THE PROBLEM OF THE SOUL

Two visions of mind and how to reconcile them


Book review by Anthony Campbell. Copyright © Anthony Campbell (2002).

Many people feel impelled to resist the scientific view of what we are because it apparently threatens to destroy those human values we hold most dear. Our free will, our sense of self, and our intuitions of right and wrong all seem to be under attack. It is particularly Darwinian ideas that are perceived in this way, since they are often taken to imply that human beings are not fundamentally different from other animals.

Christianity has always taught that we are, in fact, different from animals, but it is not only critics from the religious standpoint who believe this; so, too, do a number of humanists. Flanagan, however, thinks that they are wrong to do so. Nothing important is lost, he says, if we face up to the full implications of Darwinism for our understanding of our own nature. In accepting these implications he resembles another philosopher, John Gray (see his recent book Straw Dogs), but Flanagan's conclusions are considerably less depressing than Gray's.

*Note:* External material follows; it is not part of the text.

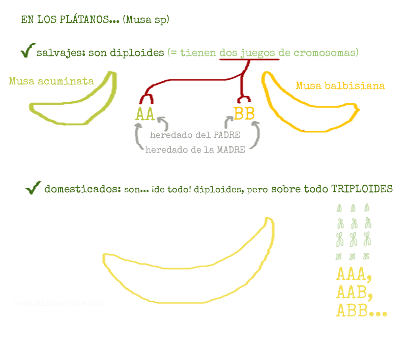 (para quienes tengan mala memoria, ello implicaría tres juegos de cromosomas: dos de M. acuminata, y uno de M. balbisiana).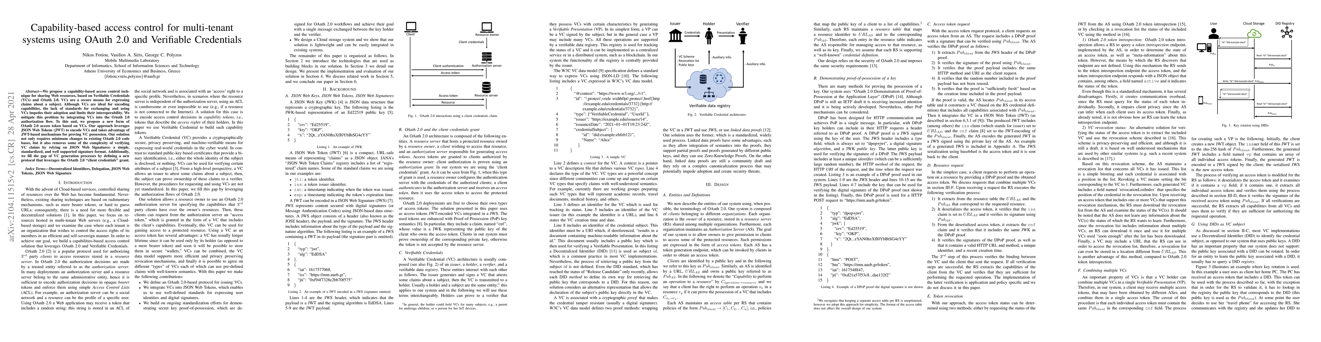 This paper proposes a capability-based access control method for multi-tenant systems using Verifiable Credentials (VCs) integrated into the OAuth 2.0 framework. It introduces a new OAuth 2.0 access token based on VCs, leveraging JSON Web Tokens (JWT) to enhance interoperability and simplify VC verification.

As the subtitle of the book implies, Flanagan distinguishes between two "images" of the human being, which he labels the humanistic and the scientific. His use of "humanism" in this context is somewhat idiosyncratic; he takes it to refer to the claim that we are spiritual beings endowed with free will.

Probably many who think of themselves as humanists would not wish to be saddled with the notion of soul, which is generally found only in a religious context; but Flanagan uses it as a convenient shorthand to refer a cluster of philosophical concepts: a non-physical mind, free will, and a permanent self. None of this, he thinks, is compatible with the scientific image, which is the one he favours, but he finds that there has been no attempt on the part of advocates of the scientific image to show how it can find room for important human values.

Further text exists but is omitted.